Francis O’Dea testified that he understood this to mean that “… the service bureau revenue will be recorded in the books of the partnership and that distributions from that revenue stream will be paid out to the partners” (Transcript, page 56). However, the Partnership failed to earn enough revenue to make the annual interest distributions to its limited partners.
[38] The Partnership incurred significant losses in its operations for the years ending on December 31, 1994, 1995 and 1996. These losses were then allocated to its limited partners, including the KP Partnership, during those years. The KP Partnership then re-allocated those losses to its own limited partners on a pro rata basis.
[39] The Partnership’s Statement of Loss, for the year ended December 31, 1994, shows “start-up fees” of $950,000.00 which were deducted by the Partnership as an expense for services rendered by PHL under the SSA. The Partnership’s Statement of Operations, for the years ended December 31, 1995 and 1996, shows that franchise completion fees in the amounts of $1.3 million and $500,000.00 were deducted as an expense for the cost of developing the franchises in Florida and Georgia and allegedly incurred by PHL under the FCA.
The relevant parts of Clauses 2 and 3 of the SSA read as follows:
2. PHL estimates that the foregoing costs and expenses to be incurred by it up to December 31st, 1994 in the provision of the items listed in paragraph 1 hereof and of such other services related to the startup of the business in the Territory will be approximately $950,000. PHL undertakes to provide to the Limited Partnership a statement of such expenses showing the various classes of expenditure with reasonable particularity as soon as may conveniently be done after the calendar year-end.
3. The Limited Partnership undertakes … to reimburse PHL for the said startup costs and expenses out of the proceeds of the sale of limited partnership units …
Similarly, the relevant parts of Clauses 2 and 3 of the FCA read as follows:
2. PHL estimates that the foregoing completion costs and expenses to be incurred by it on behalf of the Partnership in the two year period from January 1st, 1995 to December 31st, 1996 in the provision of the completion services indicated in paragraph 1 hereof and of such other services related to the completion of the development of the business of the Partnership in the Territory will be approximately $1,800,000. PHL undertakes to provide to the Limited Partnership a statement of such expenses showing the various classes of expenditure with reasonable particularity as soon as may conveniently be done after the 1996 calendar year-end.

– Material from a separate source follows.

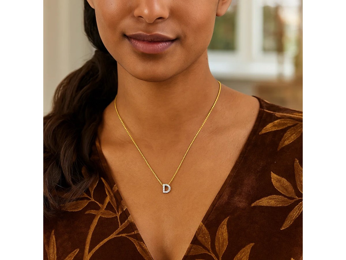 Celebrate individuality with this 14K yellow gold mini diamond D initial pendant. Adorned with sparkling round diamonds, this dainty yet elegant piece adds a personal touch to any look. Perfect for everyday wear or as a thoughtful gift, it comes with an 18 inches chain and a secure spring ring clasp for lasting beauty and comfort.

3. The Limited Partnership undertakes to reimburse PHL for the said completion costs and expenses without interest out of funds received from the Service Bureau business …
[40] Pursuant to the SSA, the Partnership would reimburse PHL the amount of $950,000.00, which was the approximate cost related to setting up the various franchise territories. Similarly, the FCA required the Partnership to reimburse PHL for expenses incurred in 1995 and 1996 in further development of these territories, for which the fee was set at $1.8 million. With respect to these payments, Francis O’Dea testified that it was “… the cost that we thought it would be and that would be reimbursed” (Transcript, page 81). If the costs incurred by PHL, in meeting its obligations pursuant to the SSA and FCA, exceeded the amounts of $950,000.00 and $1.8 million respectively, Francis O’Dea testified that PHL would be responsible for those additional costs and would not pass those costs on to the Partnership.

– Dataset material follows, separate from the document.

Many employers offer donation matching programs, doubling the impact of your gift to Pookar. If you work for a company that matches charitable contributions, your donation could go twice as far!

[41] Although the agreements stated that PHL would provide the Partnership with a statement of the actual costs and expenses that were incurred, Francis O’Dea admitted that, to his knowledge, it was never done. However, the Appellants contend that the various documents provided under Tab 69 of the Joint Book of Documents contain all of the required invoices and receipts related to the costs and expenses that PHL incurred under the SSA and FCA.
[42] Mr. Casciano concluded that the expenses deducted by the Partnership, purportedly relating to expenses under the SSA and FCA, for the years ending 1994, 1995 and 1996, lacked credibility and that the legitimate expenses would have been “Significantly reduced. Virtually nil.” (Transcript, page 378). He also determined that the documents at Exhibit R-5, which provided a statement of expenses totalling $3,275,000.00 incurred by PHL on behalf of the Partnership between 1993 and 1996, contained a margin of $740,221.00 that was clearly not an expense but which was added to enable the statement to equal the $3,275,000.00 figure. He also had concerns that the 1993 expenses were being reimbursed by the Partnership to PHL in 1994.
[43] When the audit commenced in June 1999, Mr. Casciano wrote to the Partnership requesting various documentation. No accounting records or a general ledger were provided in response to this request. Intermittently during the audit, he did receive some handwritten and undated adjusting and closing entries and reconciliations for a PHL inter-company account and some, but not all, of the Partnership’s bank statements. Mr. Casciano concluded that this information did not demonstrate proof of proper record keeping and consequently, he was unable to verify the reporting revenues, expenses and the Limited Partners’ losses from the information provided to him during the audit.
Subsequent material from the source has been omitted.